雨不知什么时候又飘飘洒洒的下起来了。张洁坐在游廊栏杆上,看着雨一丝丝飞下。N年以后云台山介绍是干旱少雨,想不到这古代气候还挺好,想到这些她觉得挺有趣。

“张姑娘?”

转头一看,那个俊秀斯文的身影正不远不近,站在旁边。

“是你,”她开心的歪着头,“怎么不在厅上说话?”

“那所谈之事在下都不甚懂,”他又是一脸和气的笑,“不如出来走走,张姑娘可还习惯此处?”

“这里很好啊,”张洁道,“叫我小洁好了。”

“这”沈忆风俊脸一红,赧然道,“只怕不妥”

“有什么不妥啊?”张洁愣住,似乎又明白过来,眯起了眼睛,“别跟他们那么封建啦。”

沈忆风想了想,笑了:“是了,在下迂腐,江湖儿女何必拘于这些繁文缛节。”

张洁看看他,笑得弯下腰去:“可是你看起来更像个书生,不像江湖儿女。”

“是吗,”他垂下眼帘,“你也认为我不应该废弃武功?”

“没有啊,”张洁是现代人,不明白他为什么这么问。

他自嘲地笑了一声,道:“我生于武林世家,却偏偏对武学无丝毫天分,亦无半点兴致,实是有辱家门。”

“每个人都有自己的喜好,为什么非要强迫自己呢?”张洁不解,“何况读书又不是坏事,你们这里不是有科举考试吗,怎么说辱没家门?”

“你真的这么认为?”沈忆风惊讶的看着她,眼光亮起来。

“当然啦,如果这世上人人都一个样儿,有什么意思呢。”张洁笑了,“又没有谁规定一定要练武,我们那里就没几个人练武。”她想现代确实没几个人会飞来跃去了。

沈忆风看了看她,忽然愉快的笑了,笑容优雅如蓝天、明净如湖水。

看着他的笑容张洁亦很开心,她想起了自己的疑惑。

“郑哥哥说云台是六大门派之一,可是这里好象”

“人很少是吧?”沈忆风猜到了她的疑问,笑道,“当年祖父宣布退出江湖时,便将他们遣散了。”
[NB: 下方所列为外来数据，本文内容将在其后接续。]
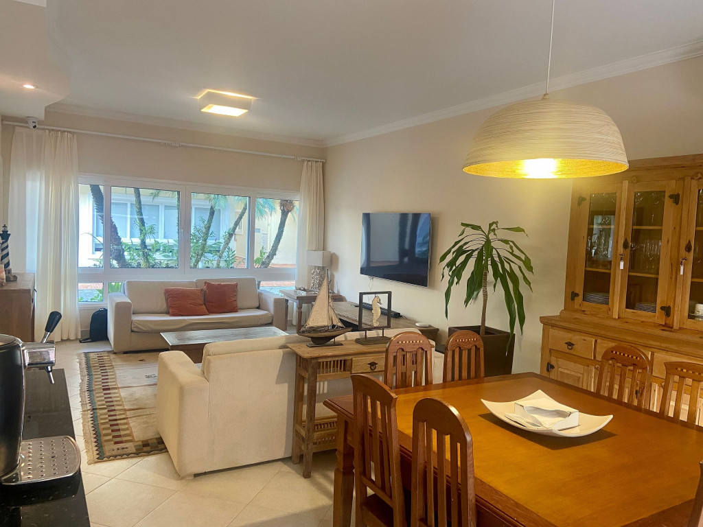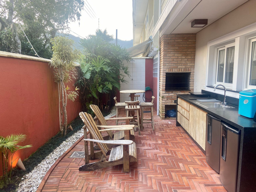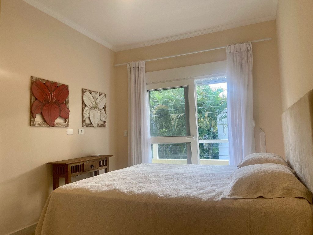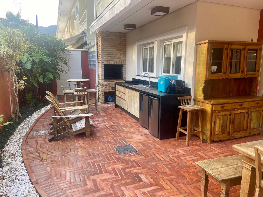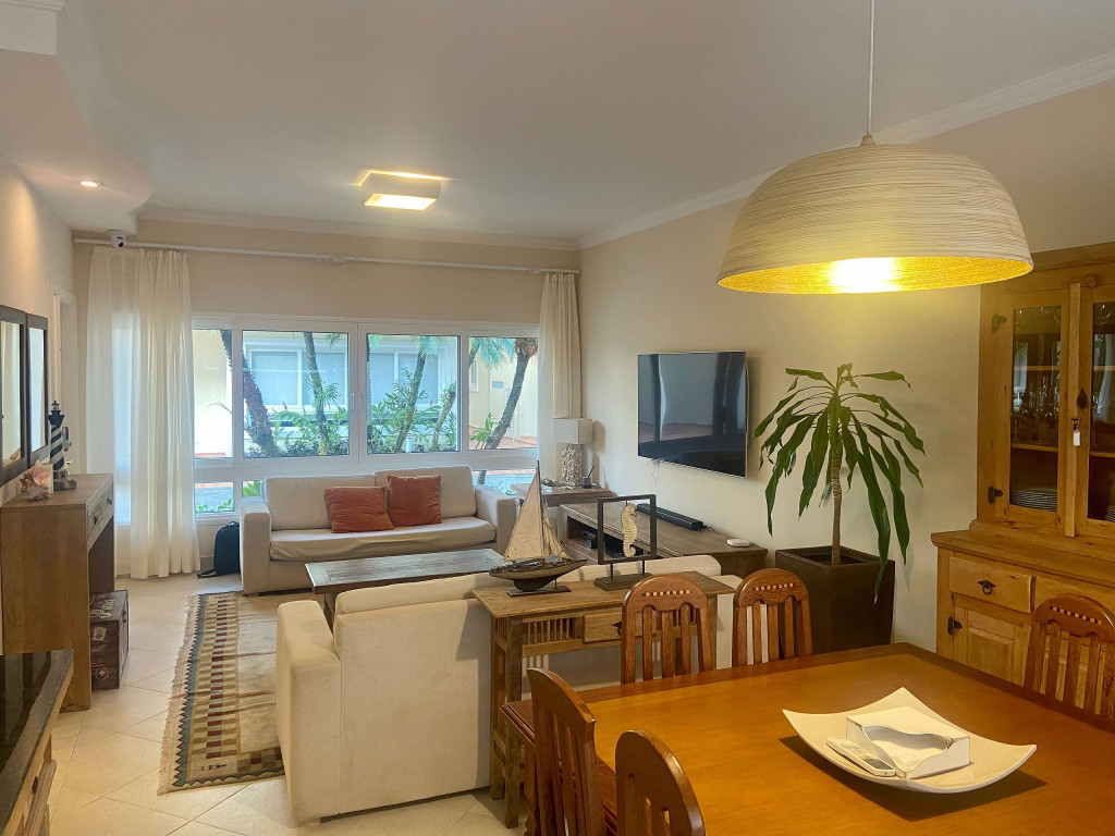 Casa de condomínio com 4 suítes e uma charmosa varanda gourmet. A casa é finamente decorada e muito bem equipada com eletrodomésticos, utensílios e equipamentos. A casa oferece roupas de cama, mesa e banho.O condomínio possui piscina e disponibiliza apoio de praia, com cadeiras e guarda sol.

“难怪”张洁她想到再过两个月就要发生的事,不由替他担心,也替郑少凡担心,“唔,人这么少,你不着急吗?”

“着急?”他疑惑。

“再过两个月,你们交不出寒玉箫”

沈忆风微微笑了:“生死有命富贵在天,担心有何用?但求心中无愧便好。”

张洁一怔,心中暗暗佩服,他不会武功却依然能做到淡然处之,已经超过很多人了。

想到这里,她不由莞尔:“你若在我们那边,一定是个高才生。”

“高才生?”他又疑惑了。

张洁这才想到自己对古人用了现代词,她暗暗笑自己在古代这么久,说起话却还是现代气息扑鼻。

“呃,那个,就是有很高的才华的人。”

他明白过来,谦虚道:“在下不过略读几本书,岂敢自专。不知府上何处?”

“恩?”张洁又没反应过来。

“就是,尊府,你的家。”他见她不懂,便改口解释道。

“我家”张洁黯然道,“我家在很远的地方。”

“是吗?听你说什么小学,还有高才生,都是你们那边的话吗?”

他终于不再一口一个“在下”了,张洁听起来反而更显亲切,开心道:“这样就好啦,再姑娘在下的,我说句话都要想半天了。”说完眼睛又笑成了一弯月牙。

沈忆风也笑了,这女子虽然大胆天然,却绝不让人感到轻佻。

“恩,我家那边啊,有很多希奇事呢。”张洁才想起自己没回答他的问题,“我们那边有小学,中学,大学”

她饶有兴味的讲起现代的学校教育来,渐渐又讲到简单的阿拉伯数字演算。沈忆风不由听得入神,脸上露出不可思议的神情,偶尔还插上几个问题。其实阿拉伯数字其实很早就传入我国了,只是没有被大众接受而传开,是以沈忆风感到新鲜。

张洁暗想幸好没讲现代社会的飞机飞船电灯电话,不然他听到一定以为自己在编故事了。

她忽然又想起沈静山说他学这些无用的话,心中不由替沈忆风感到惋惜和难过:出生在武林世家,理解他的人很少吧?这样纯净好学的人若是在现代朝自己喜欢的方面发展,一定会比在这里过得开心。

沈忆风却很兴奋,边走边叹息:“以往总认为自己读书也不少,今日遇上你,才觉着自己实在孤陋寡闻了。”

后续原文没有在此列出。